Bilirkişiden alınan 18/03/2021 tarihli bilirkişi raporunda özetle;”…Takdir Sayın Mahkemenin olmak üzere, dava dosyası ve ekinde yer alan (… 37. İcra Müdürlüğü … E. Dosyası) her türlü bilgi, belge, tüm deliller üzerinde yapılan incelemeler ve değerlendirmeler neticesinde , Tüm Hukuki Görüşler dışarıda bırakılarak ; Tarafların ticari defter ve cari hesap yönünden bir itilafının bulunmadığı anlaşılmaktadır.Teknik tespitler sonucunda Davacı tarafından tanzim edilen faturanın usulüne uygun olarak düzenlendiği izahı ile , … A.Ş. şirketinin , … A.Ş. adına düzenlemiş olduğu 07.05.2018 — tarihli … fatura no ,ve 25.03.2018-24.04.2018 dönemine ait 10.470,32 TL fatura tutarı için talepte bulunulabileceği, Görüş ve Kanaatine varılmıştır …” rapor edilmiştir.

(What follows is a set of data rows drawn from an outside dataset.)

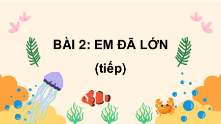 - Bộ bài giảng powerpoint Bài 2: Em đã lớn Tiếng việt lớp 3 Cánh diều bao gồm đầy đủ các bài giảng trong cả năm. Bộ bài giảng được thiết kế theo phong cách hiện đại, đẹp mắt, trình bày chi tiết cho từng phần học và bám sát chương trình Sách giáo khoa Tiếng việt lớp 3 Cánh diều.
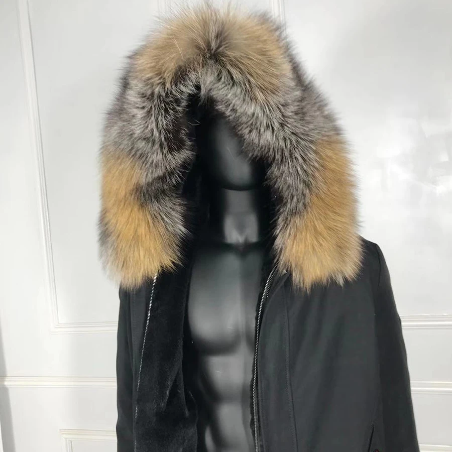 Product Name: Männer Parka Winter Jacken Natürliche Kaninchen Pelz Liner Mäntel Luxus Mit Kapuze Warme Pelz Parkas
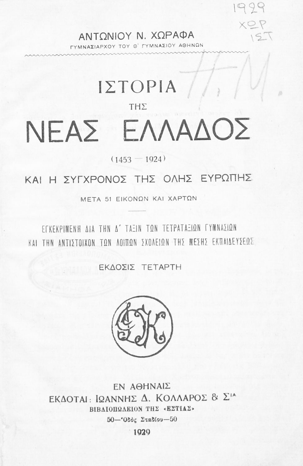 Εκδότης: Ιωάννης Δ. Κολλάρος και ΣΙΑ Έτος έκδοσης: 1929 Τόπος έκδοσης: Αθήνα Έκδοση: 4η |

Bilirkişiden alınan 10/12/2021 tarihli ek bilirkişi raporunda özetle;”…Takdir Sayın Mahkemenin olmak üzere, dava dosyası ve ekinde yer alan (… 37. İcra Müdürlüğü … E. Dosyası) her türlü bilgi, belge, tüm deliller üzerinde yapılan incelemeler ve değerlendirmeler neticesinde , Tüm Hukuki Görüşler dışarıda bırakılarak ; Davacı şirketin cezai şart bedeline ilişkin Davalı şirkete düzenlemiş olduğu 07.05.2018 tarih 10.470, TL tutarındaki faturanın Davalı şirket ticari defterlerinde kayıtlı olmadığı ve faturanın Davalı şirkete tebliğinin ispata muhtaç kaldığı sonuç ve kanaatine varılmıştır. Teknik tespitler sonucunda Davacı tarafından tanzim edilen faturanın, inceleme ve değerlendirme bölümünde belirtilen sözleşmeler üzerinden GSM hatlarına ait olduğu ve fatura ekinde bulunan fatura kullanım detayları içerisinde bu hatların aktif olduğu ve kullanımların faturalandırıldığı , ayrıca sözleşmeden vazgeçildiği sebebi ile faturaya cayma bedeli olarak 4.503,90 TL (cayma bedeli ; sözleşme içeriğinde kampanya dahilinde , normal tarife ücretinden indirim yapılmış olan fark ucreti) yansıtıldığı sebebi ile ,detay bilgilerinden Hukuki görüş olmamak ile birlikte teknik olarak kullanım bedeli olarak fatura eklerinden görülmesi sebebi ile fatura düzenlendiği , … A.Ş. şirketinin , … A.Ş. adına düzenlemiş olduğu 07.05.2018 tarihli , … fatura no ,ve 25.03.2018-24.04.2018 dönemine ait 10.470,32 TL fatura tutarı için talepte bulunulabileceği…” rapor edilmiştir.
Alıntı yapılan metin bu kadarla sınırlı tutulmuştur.